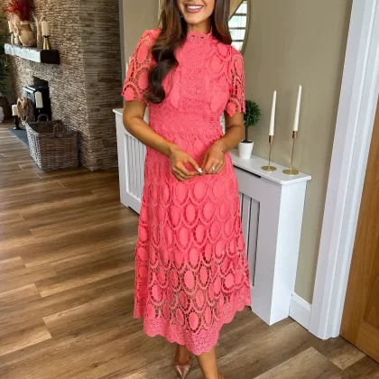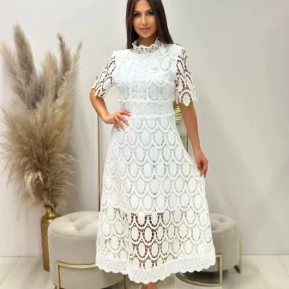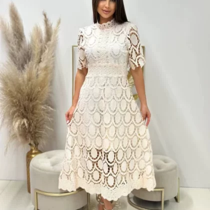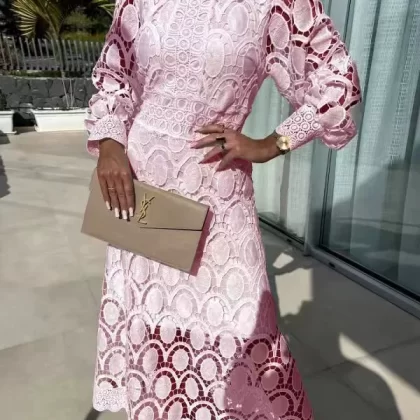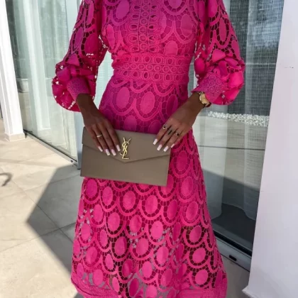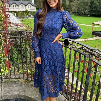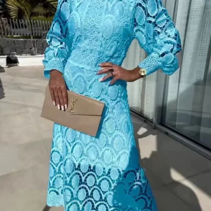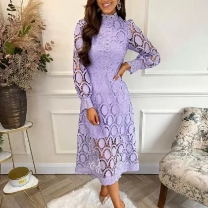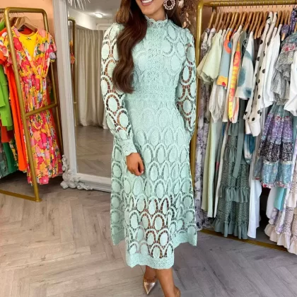 | nameOriginal | 2024 Spring New Style French Lace Stand Collar Puff Long Sleeve Waist Slim Dress Temperament European and American Long Skirt |
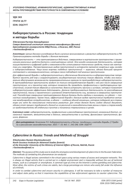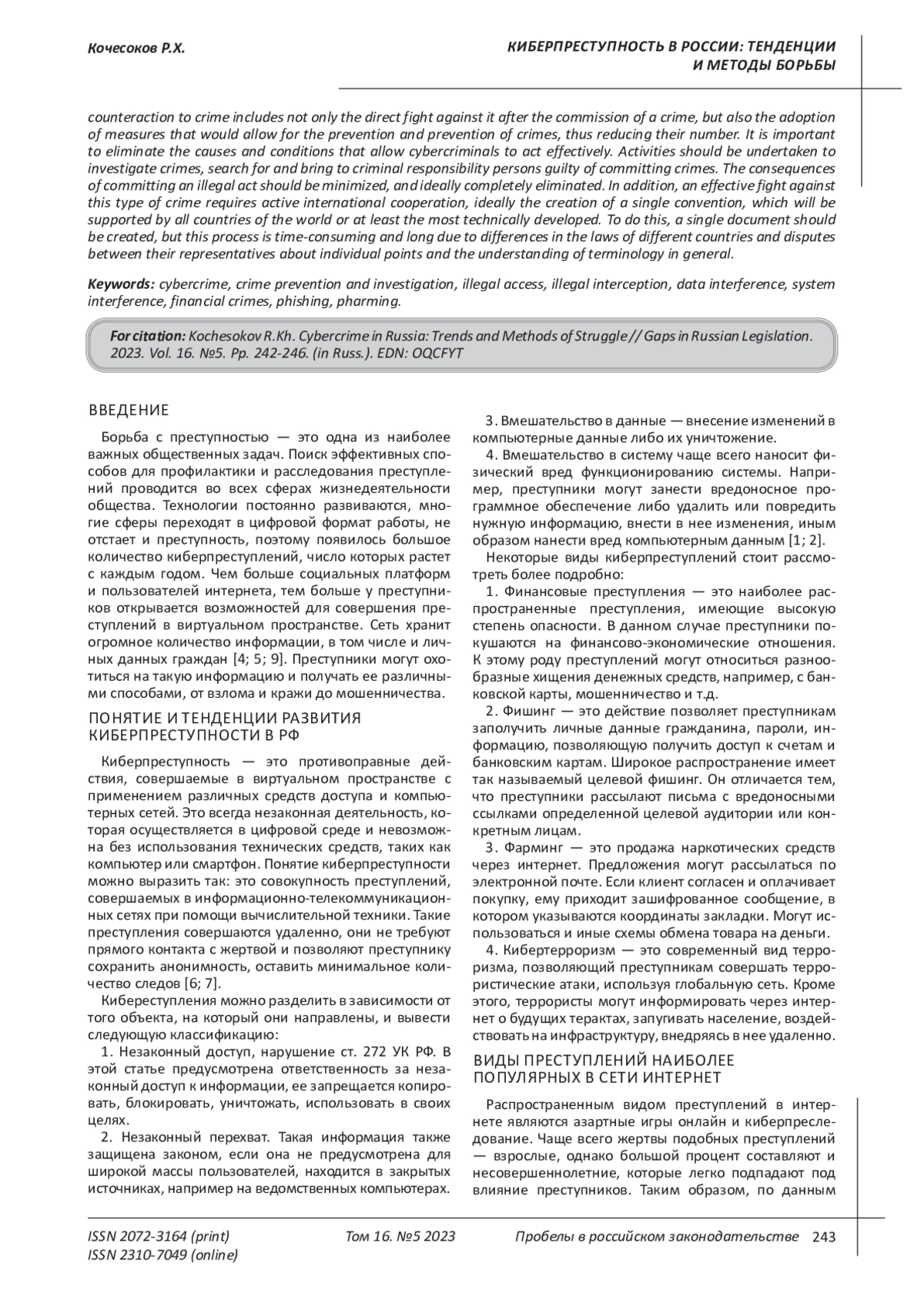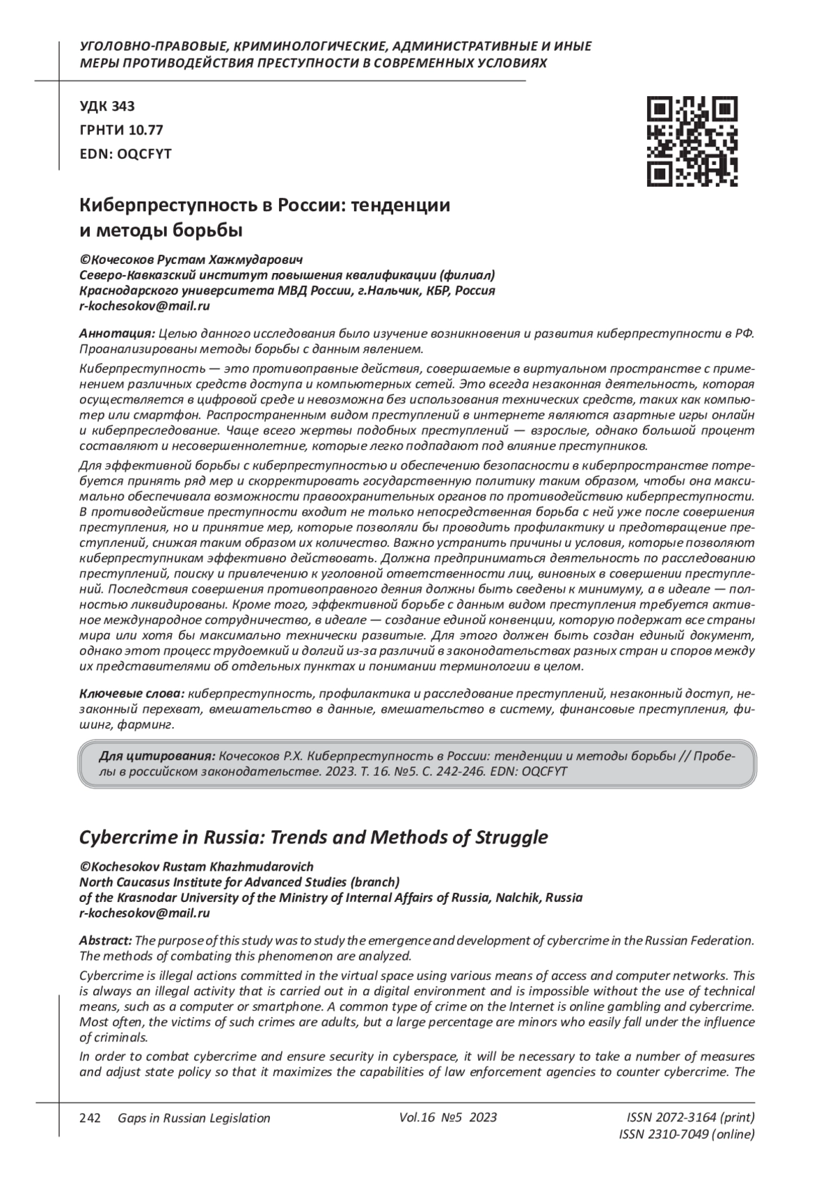 Shikula I.R., Kurkin E.N. Cybercrime in the Russian Federation: basic methods of struggle and problems of counteraction // International Journal of Experimental Education. 2023. No. 1. pp. 37-41. EDN: CESTGI
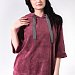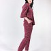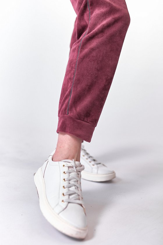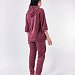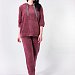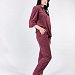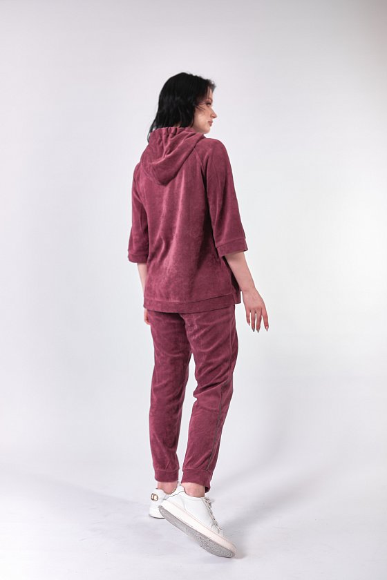 Женский костюм выполнен из велюра. Толстовка с капюшоном, рукавами реглан длиной 3/4, с отделочным кантом. Брюки длинные, с карманами и кантом в боковых швах. Пояс брюк на резине, низ с манжетами.
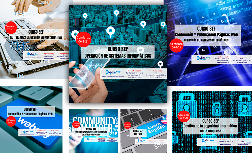 Tu academia de formación de La Unión te ha preparado siete atractivos cursos del SEF (Servicio de Empleo y Formación de la Región de Murcia) relacionados con la informática, inglés, gestión administrativa y seguridad informática, entre otras, que te ayudarán a encauzar tu futuro laboral. Comenzarán en septiembre, pero es bueno que te apuntes ya para tener segura tu plaza. Tu futuro se lo merece.
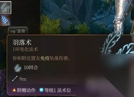 羽落术 战斗基本用不到,但本身是仪式法术不用消耗法术位就很好,但也没必要去刻意学习这个浪费钱,第一章幽暗地域的法师塔二楼有个鞋子自带羽落术。
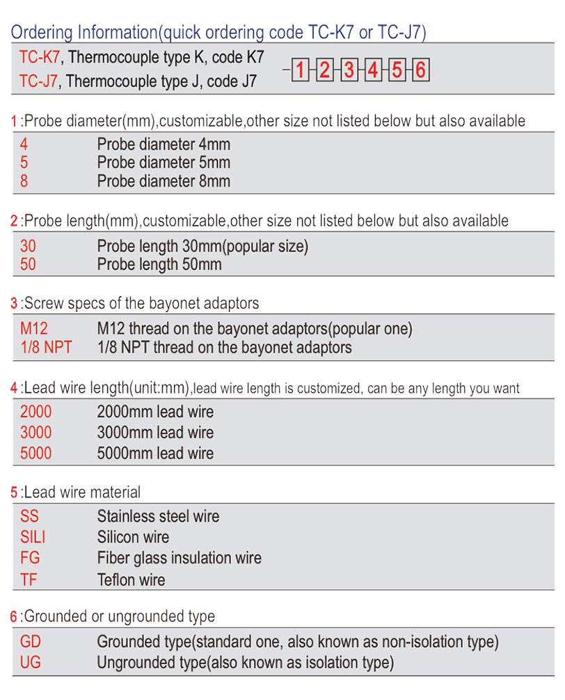 При заказе термопары с байонетным креплением серии Maxwell TC-K7 / TC-J7, пожалуйста, укажите полную конфигурацию, исходя из следующих шести параметров: диаметр зонда (4, 5, 8 мм или по индивидуальному заказу), длина зонда (30, 50 мм или по индивидуальному заказу), резьба байонетного адаптера (M12 или 1/8 NPT), длина соединительного провода (2000, 3000, 5000 мм или любая другая длина по индивидуальному заказу), материал соединительного провода (SS, SILI, FG, TF) и тип соединения (GD с заземлением или UG без заземления). Используйте формат TC-K7-1-2-3-4-5-6 (например, TC-K7-5-30-M12-2000-SILI-UG) для обеспечения точной поставки.
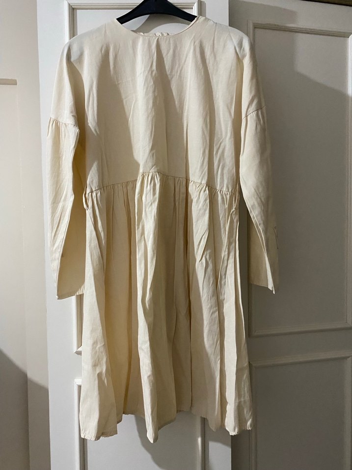 Beyaz keten hamile tunik, uzun kollu ve V yaka, bol ve drapeli kesime sahip. Minimalist, bohem tarzda günlük kullanım için uygundur. Kolu ve beli için kuşakları var
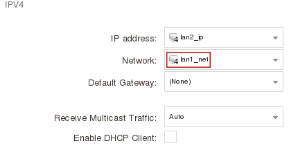 Выберите lan2 интерфейс. В его настройках в поле Network установите lan1_net.
┄┄┄┄┄┄
REQUIRED WORK:
Every line above must appear in the answer unchanged, and no picture may appear in it.

TASK OUTPUT:
 | nameOriginal | 2024 Spring New Style French Lace Stand Collar Puff Long Sleeve Waist Slim Dress Temperament European and American Long Skirt |
 Shikula I.R., Kurkin E.N. Cybercrime in the Russian Federation: basic methods of struggle and problems of counteraction // International Journal of Experimental Education. 2023. No. 1. pp. 37-41. EDN: CESTGI
 Женский костюм выполнен из велюра. Толстовка с капюшоном, рукавами реглан длиной 3/4, с отделочным кантом. Брюки длинные, с карманами и кантом в боковых швах. Пояс брюк на резине, низ с манжетами.
 Tu academia de formación de La Unión te ha preparado siete atractivos cursos del SEF (Servicio de Empleo y Formación de la Región de Murcia) relacionados con la informática, inglés, gestión administrativa y seguridad informática, entre otras, que te ayudarán a encauzar tu futuro laboral. Comenzarán en septiembre, pero es bueno que te apuntes ya para tener segura tu plaza. Tu futuro se lo merece.
 羽落术 战斗基本用不到,但本身是仪式法术不用消耗法术位就很好,但也没必要去刻意学习这个浪费钱,第一章幽暗地域的法师塔二楼有个鞋子自带羽落术。
 При заказе термопары с байонетным креплением серии Maxwell TC-K7 / TC-J7, пожалуйста, укажите полную конфигурацию, исходя из следующих шести параметров: диаметр зонда (4, 5, 8 мм или по индивидуальному заказу), длина зонда (30, 50 мм или по индивидуальному заказу), резьба байонетного адаптера (M12 или 1/8 NPT), длина соединительного провода (2000, 3000, 5000 мм или любая другая длина по индивидуальному заказу), материал соединительного провода (SS, SILI, FG, TF) и тип соединения (GD с заземлением или UG без заземления). Используйте формат TC-K7-1-2-3-4-5-6 (например, TC-K7-5-30-M12-2000-SILI-UG) для обеспечения точной поставки.
 Beyaz keten hamile tunik, uzun kollu ve V yaka, bol ve drapeli kesime sahip. Minimalist, bohem tarzda günlük kullanım için uygundur. Kolu ve beli için kuşakları var
 Выберите lan2 интерфейс. В его настройках в поле Network установите lan1_net.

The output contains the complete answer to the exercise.